Abstract
Defining cellular and subcellular structures in images, referred to as cell segmentation, is an outstanding obstacle to scalable single-cell analysis of multiplex imaging data. While advances in machine learning-based segmentation have led to potentially robust solutions, such algorithms typically rely on large amounts of example annotations, known as training data. Datasets consisting of annotations which are thoroughly assessed for quality are rarely released to the public. As a result, there is a lack of widely available, annotated data suitable for benchmarking and algorithm development. To address this unmet need, we release 105,774 primarily oncological cellular annotations concentrating on tumor and immune cells using over 40 antibody markers spanning three fluorescent imaging platforms, over a dozen tissue types and across various cellular morphologies. We use readily available annotation techniques to provide a modifiable community data set with the goal of advancing cellular segmentation for the greater imaging community.
Similar content being viewed by others
Background & Summary
Understanding tissue cellular architecture is essential for the characterization and prognostication of disease. Immunohistochemistry (IHC), often used in clinical diagnostic and research workflows, is a technique which allows for the spatially resolved evaluation of, most commonly, a single biomarker. Multiplexed cellular imaging methods similarly allow spatial evaluation of, most commonly, protein expression by single cells in tissue samples1,2,3 with higher marker content and phenotypic determinations. The accurate assessment of cell-based biomarker profiles relies on delineating cellular boundaries, known as cell segmentation, such that the biomarker detection can be attributed to the correct cell. Furthermore, delineating protein expression within cellular compartments can be biologically important (i.e. translocation from cytoplasm to nucleus). While machine learning-based algorithms have shown some success for automating cellular segmentation4, vast amounts of accurate cell annotations are required to train these algorithms, which can be tedious and costly to obtain. While there are publicly available annotated nuclei within hematoxylin and eosin slides5, analogous multiplex fluorescent imaging datasets are rare.
We fill this gap by providing manual cell annotations, which are modifiable, across many cancer types spanning solid tumor and hematolymphoid as well as normal lymph node and tonsil tissue (Fig. 1). We provide annotations spanning 3 imaging platforms and over 40 antibody markers to assist in building and benchmarking segmentation algorithms robust against multiplex staining and detection methods (Table 1). Both whole cell and nuclear annotations are provided to allow for more granular segmentation of cellular compartments. To account for variation in imaging platforms, we provide annotations on tissue acquired via sequential immunofluorescence (IF) with unmixing (via Akoya Vectra 3.0), sequential IF with narrowband capture (via Ultivue InSituPlex with Zeiss Axioscan image capture) and cyclical IF with narrowband capture (via Akoya CODEX). While advantages and disadvantages of these platforms are described elsewhere6, differences in staining and scanning technologies can introduce small morphological differences in digitized images which segmentation algorithms need to be robust against.

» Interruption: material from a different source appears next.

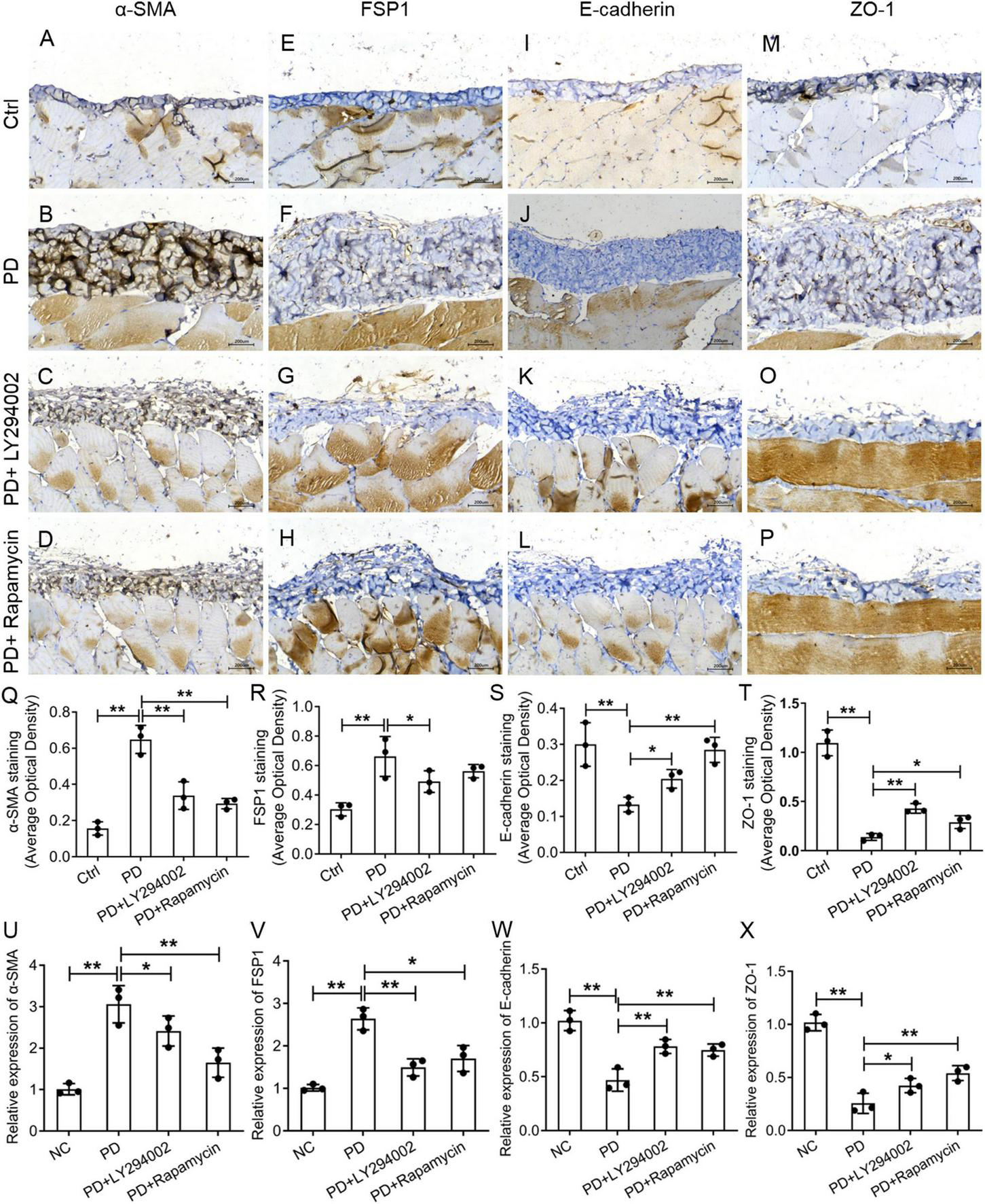 Effects of LY294002 and rapamycin on HG-induced peritoneal fibrosis in rats. The expression of α-SMA (A–D), FSP1 (E–H), E-cadherin (I–L) and ZO-1 (M–P) in the peritoneum of control rats, PD rats and PD rats treated with LY294002 or rapamycin was determined by IHC assay. Three rats in each group were prepared. (Q–T) Quantitative analysis of the average optical density of α-SMA, FSP1, E-cadherin and ZO-1 in the IHC assay. (U–X) The qRT-PCR results showed the expression of α-SMA, FSP1, E-cadherin, and ZO-1 in the HG group, the HG + LY294002 or rapamycin group, and the NC group. Columns represent the means (n ≥ 3); bars represent the SD; *p < 0.05, **p < 0.01.

In creating a cellular annotation dataset, consistency must be maintained. A typical cross section of tissue is the extraction of a 2-dimensional tissue section at a particular thickness from a 3-dimensional tissue volume. As a result, cells are not consistently sectioned in a particular orientation or plane. Additionally, a section could potentially encompass two cells which are overlapping or fragments of cells or cell processes thereby leading to partial cell representations and overlapping cells (Fig. 2).
We present a set of adaptable manual annotations which have been individually assessed for quality and accuracy by several experts. We consistently handle overlapping cells by ensuring that annotations do not have boundaries which overlap. Cell objects consist of instances of whole cell annotations (82,058) or nuclei-only annotations (23,716). A subset of the whole cell annotations contain separate matching nuclear annotations performed on the same image crop. We provide manual and adaptable whole cell and nuclear object annotations across platforms and markers using publicly available annotation software as a resource which can be used to further develop, refine and evaluate cellular segmentation algorithms (Table 2). We also provide corresponding parent images from which the annotated crops are derived.
Methods
All tissue samples were derived from a combination of published7,8,9 and unpublished studies performed at Memorial Sloan Kettering Cancer Center which were approved by the institutional review board (16-1683, 15-021, 22-274). While lung adenocarcinoma and pancreatic ductal carcinoma were prioritized tissue types as part of the Human Tumor Atlas Network initiative, we included a diversity of organ systems to maximize generalizability and usability. All tissue samples were formalin fixed and paraffin embedded by conventional surgical pathology guidelines at MSKCC. Annotations were performed in imaging areas where cells could be clearly delineated with minimal obfuscations and where all markers were represented with low background. In cancer specimens, cells were annotated within representative tumor and stromal areas.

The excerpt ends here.